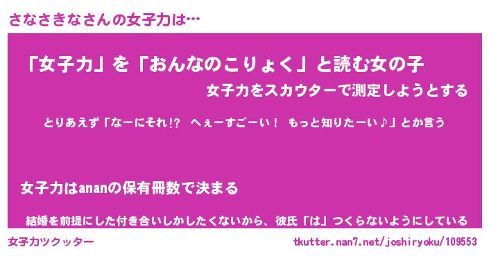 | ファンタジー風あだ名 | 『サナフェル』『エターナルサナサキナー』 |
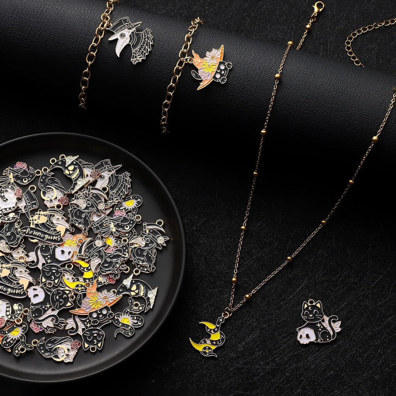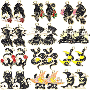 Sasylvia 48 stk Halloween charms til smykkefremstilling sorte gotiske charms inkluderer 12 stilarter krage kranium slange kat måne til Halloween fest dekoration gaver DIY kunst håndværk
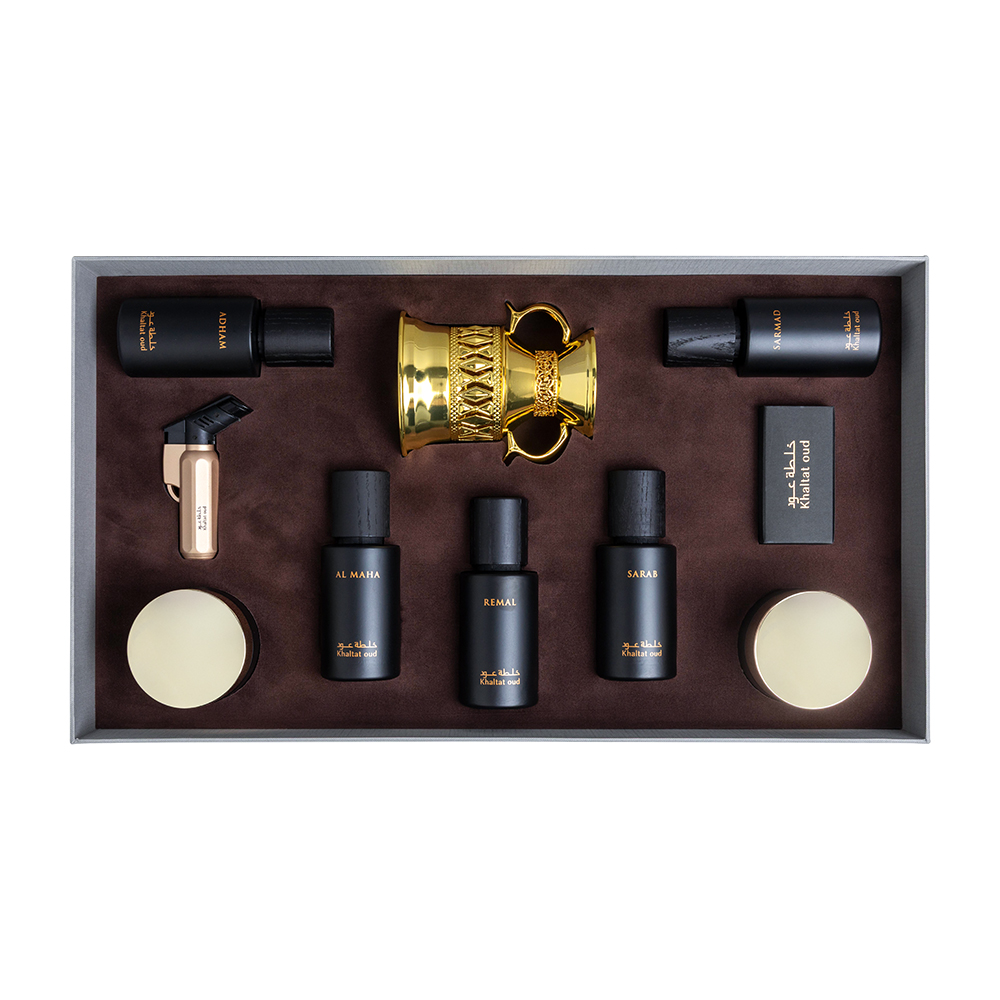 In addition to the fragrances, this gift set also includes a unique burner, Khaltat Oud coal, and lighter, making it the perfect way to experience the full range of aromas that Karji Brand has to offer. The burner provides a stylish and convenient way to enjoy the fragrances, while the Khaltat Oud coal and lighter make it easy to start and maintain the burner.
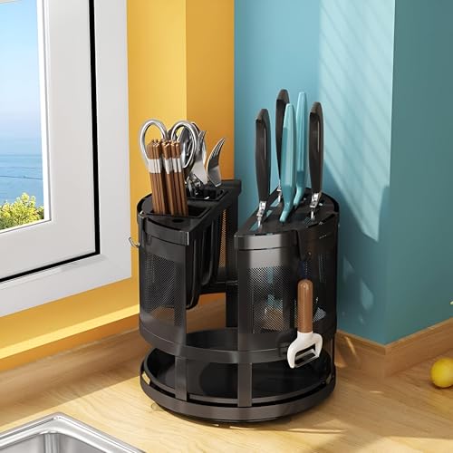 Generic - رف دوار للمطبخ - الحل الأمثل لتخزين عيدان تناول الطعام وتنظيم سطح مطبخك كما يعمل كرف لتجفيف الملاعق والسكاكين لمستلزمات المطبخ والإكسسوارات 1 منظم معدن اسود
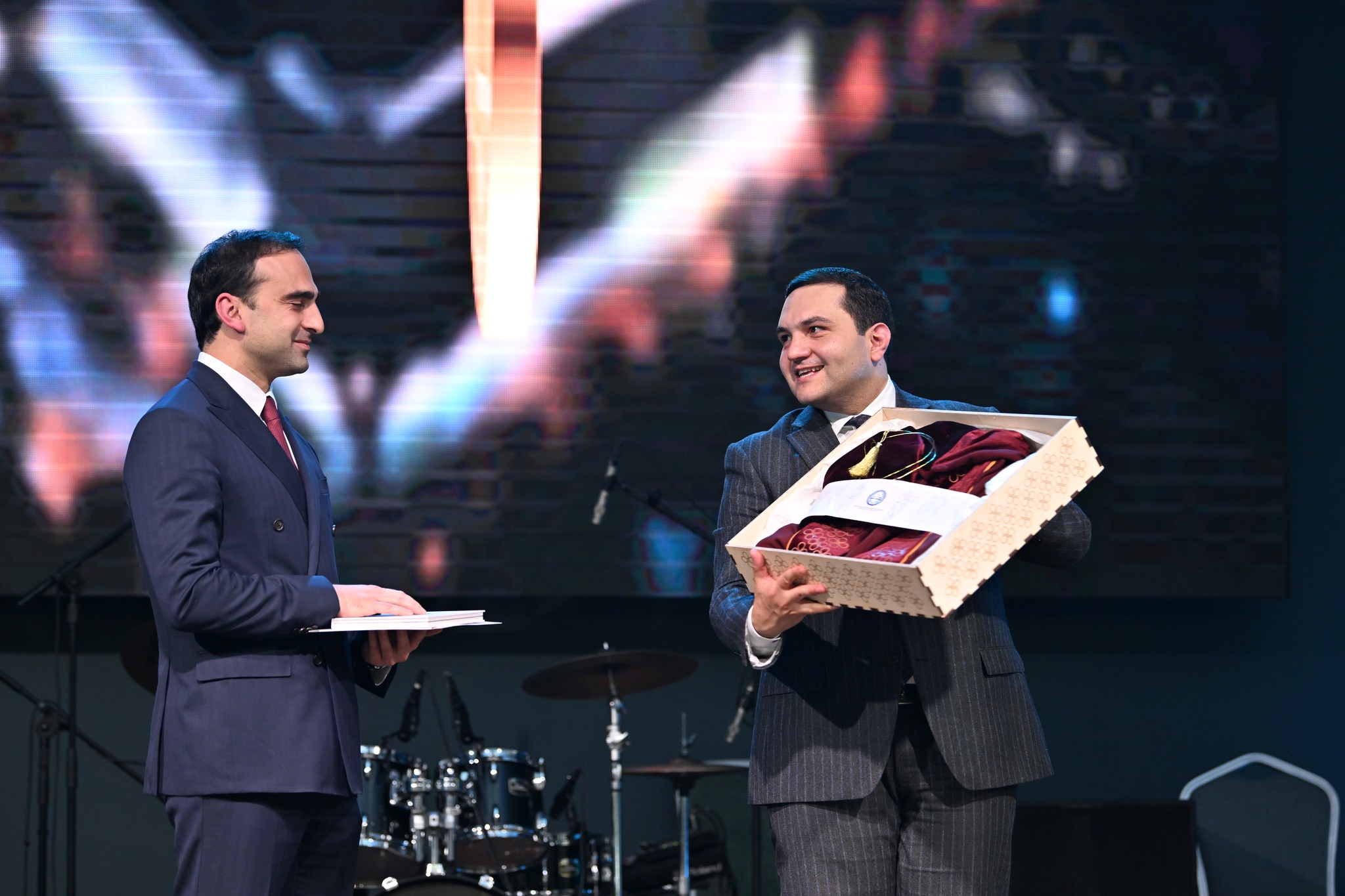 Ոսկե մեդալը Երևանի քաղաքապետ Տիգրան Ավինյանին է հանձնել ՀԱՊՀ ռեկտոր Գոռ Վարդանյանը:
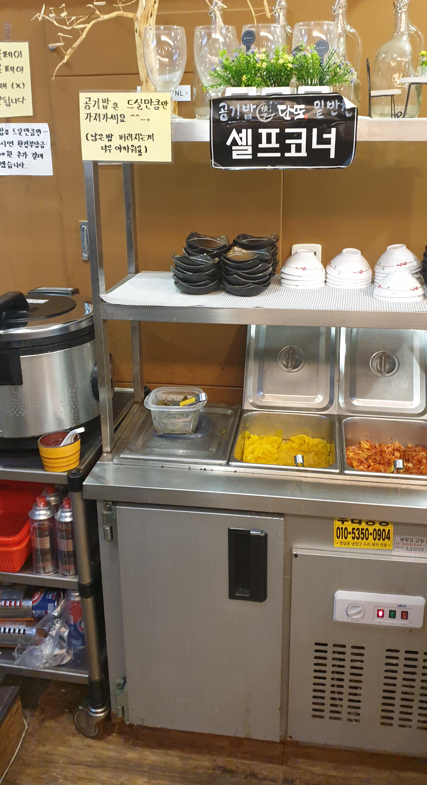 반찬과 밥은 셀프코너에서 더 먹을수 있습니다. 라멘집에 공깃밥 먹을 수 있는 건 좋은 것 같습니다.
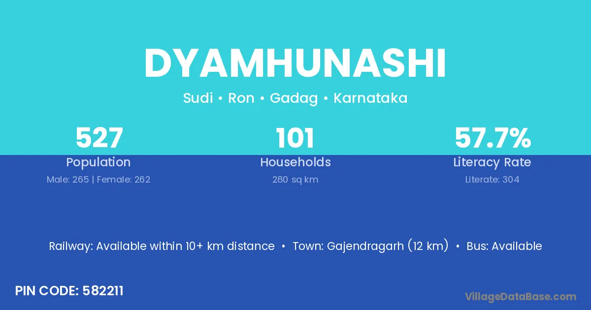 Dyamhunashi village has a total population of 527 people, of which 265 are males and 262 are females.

=-=-=-=-=

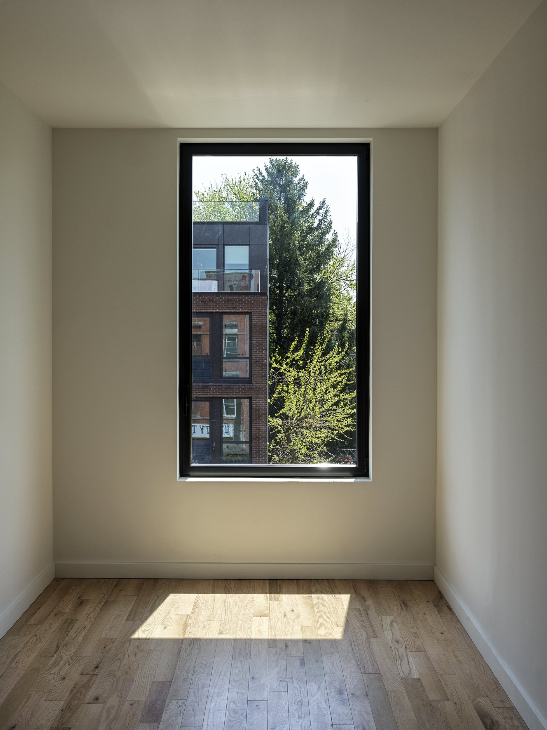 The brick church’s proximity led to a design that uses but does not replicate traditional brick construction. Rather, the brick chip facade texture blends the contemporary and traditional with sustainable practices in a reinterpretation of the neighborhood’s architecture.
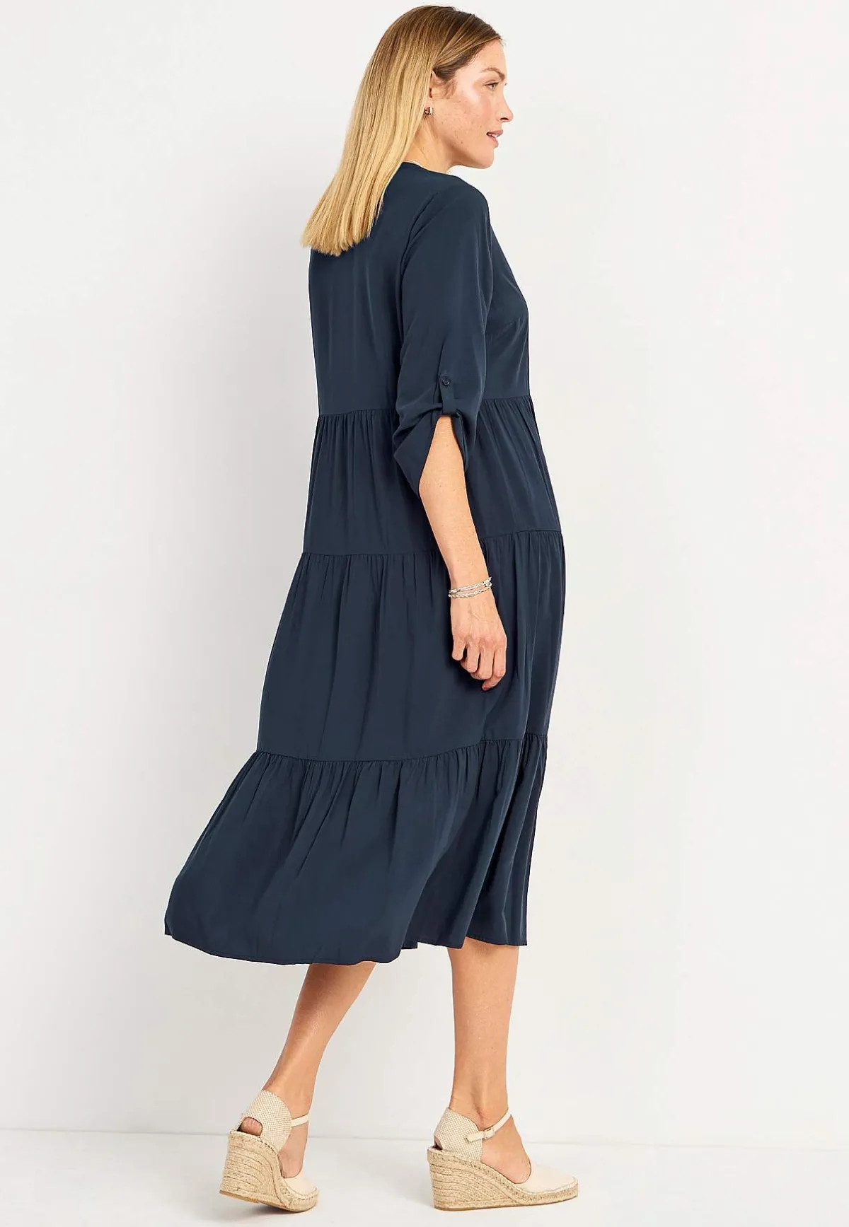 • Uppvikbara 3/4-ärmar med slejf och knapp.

=-=-=-=-=

GOAL OF THE EXERCISE:
Copy out exactly the lines above beginning with the line that contains "ファンタジー風あだ名 | 『サナフェル』『エターナルサナサキナー』 |" and finishing with the line that contains "Sasylvia 48 stk", including both; leave the pictures out.

EXERCISE RESPONSE:
 | ファンタジー風あだ名 | 『サナフェル』『エターナルサナサキナー』 |
 Sasylvia 48 stk Halloween charms til smykkefremstilling sorte gotiske charms inkluderer 12 stilarter krage kranium slange kat måne til Halloween fest dekoration gaver DIY kunst håndværk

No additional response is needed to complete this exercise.